Summary: Study examines how video game players engage in their chosen game and how they respond to different motivations. For games with in-game purchasing features, the more rounds or levels a person plays, the more likely they are to spend on purchases.
Source: INFORMS
In the video game industry, the ability for gaming companies to track and respond to gamers’ post-purchase play opens up new opportunities to enhance gamer engagement and retention and increase video game revenue.
New research in the INFORMS journal Information Systems Research looks at gamer behavior and how to match their engagement level with different games to ensure they play more often and for longer periods of time.
The study, “‘Level Up’: Leveraging Skill and Engagement to Maximize Player Game-Play in Online Video Games,” conducted by Yan Huang of Carnegie Mellon University, and Stefanus Jasin and Puneet Manchanda, both of the University of Michigan, works to better match players with games to achieve these goals.
For games with in-game purchase features, the more rounds a player plays, the more the player is likely to spend on in-game purchases, leading to better revenue generation; for games with in-game display ads, the more rounds a player plays the more ads the player sees, which leads to higher click through numbers and higher revenue. For games without either, revenue is boosted because engaged players are likely to upgrade to the premium or next version of the game.
The researchers looked at data from 1,309 gamers’ playing history over 29 months from a major international video gaming company.
“We find that high, medium, and low engagement state gamers respond differently and have different motivators such as feelings of achievement or the need for a challenge,” said Huang, a professor in the Tepper School of Business at Carnegie Mellon University.

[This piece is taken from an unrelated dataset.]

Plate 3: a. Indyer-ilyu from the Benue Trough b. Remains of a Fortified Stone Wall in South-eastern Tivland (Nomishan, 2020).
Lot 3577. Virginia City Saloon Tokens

“Using our model, we learn the gamers’ current engagement state on the fly and exploit that to match the gamer to a round to maximize gameplay. By doing this we see an increase in game play between 4 and 8%,” said Jasin, a professor in the Ross School of Business at the University of Michigan.
What the researchers have found is that by considering player engagement state and their state-dependent motivation, it not only increases use, but also leads to increased revenue for gaming companies.

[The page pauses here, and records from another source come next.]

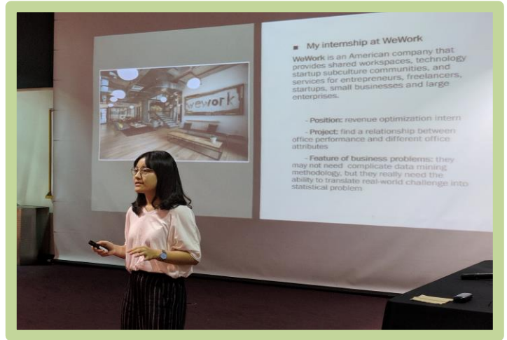
Wanting Tan Internship at Wework.
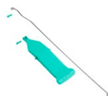
Magic BCS pedal set
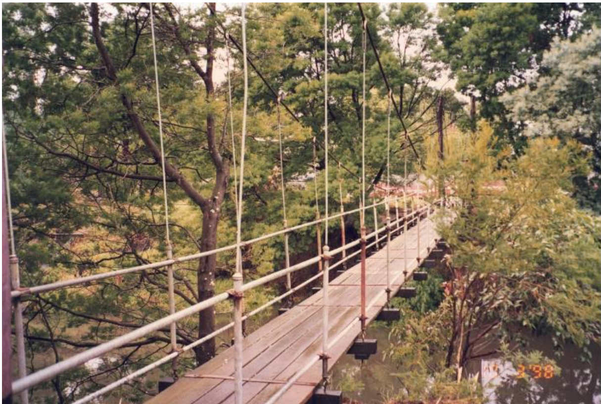
Remedial works 1998

The bridge holds many memories for many people and has a unique place in the Collie community's heritage. It is one of only a few long-standing suspension footbridges in Western Australia.
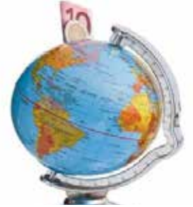
World Money Bank – for donations $200

These items will help us in our daily work of processing surplus vegetables and fruit to make nutritious soup mixes and fruit snacks for distribution to needy people in countries around the world.

Challenges in the game positively impact gamers with low or medium engagement levels, but negatively affects players with high engagement. Players’ curiosity decreases over time, and therefore, tends to move toward the low engagement state. This happens faster for less engaged players.
“Our findings suggest varying game difficulty based on players’ engagement level. For multiplayer video games match players to game rounds with stronger or weaker players; single player games can track players’ game play activity to infer players’ engagement state and adjust the level of difficulty,” said Manchanda, a professor in the Ross School of Business at the University of Michigan. “We also suggest introducing surprises, such as new maps or game modes, to offset the decrease in player curiosity as players become familiar with the game.”
Source:
INFORMS
Media Contacts:
Ashley Smith – INFORMS
Image Source:
The image is in the public domain.
Original Research: Closed access
““Level Up”: Leveraging Skill and Engagement to Maximize Player Game-Play in Online Video Games”. Yan Huang, Stefanus Jasin, Puneet Manchanda.
Information Systems Research doi:10.1287/isre.2019.0839.
Abstract
“Level Up”: Leveraging Skill and Engagement to Maximize Player Game-Play in Online Video Games
We propose a novel two-stage data-analytic modeling approach combining theories, statistical analysis, and optimization techniques to model player engagement as a function of motivation to maximize customer game-play via matching in the large and growing online video game industry. In the first stage, we build a hidden Markov model (HMM) based on theories of customer engagement and gamer motivation to capture the evolution of gamers’ latent engagement state and state-dependent participation behavior. We then calibrate the HMM using a longitudinal data set, obtained from a major international video gaming company, that contains detailed information on 1,309 randomly sampled gamers’ playing histories over a period of 29 months comprising more than 700,000 unique game rounds. We find that high-, medium-, and low-engagement-state gamers respond differently to motivations, such as feelings of effectance and need for challenge. In the second stage, we use the results from the first stage to develop a matching algorithm that learns (infers) the gamer’s current engagement state “on the fly” and exploits that learning to match the gamer to a round to maximize game-play. Our algorithm increases gamer game-play volume and frequency by 4%–8% conservatively, leading to economically significant revenue gains for the company.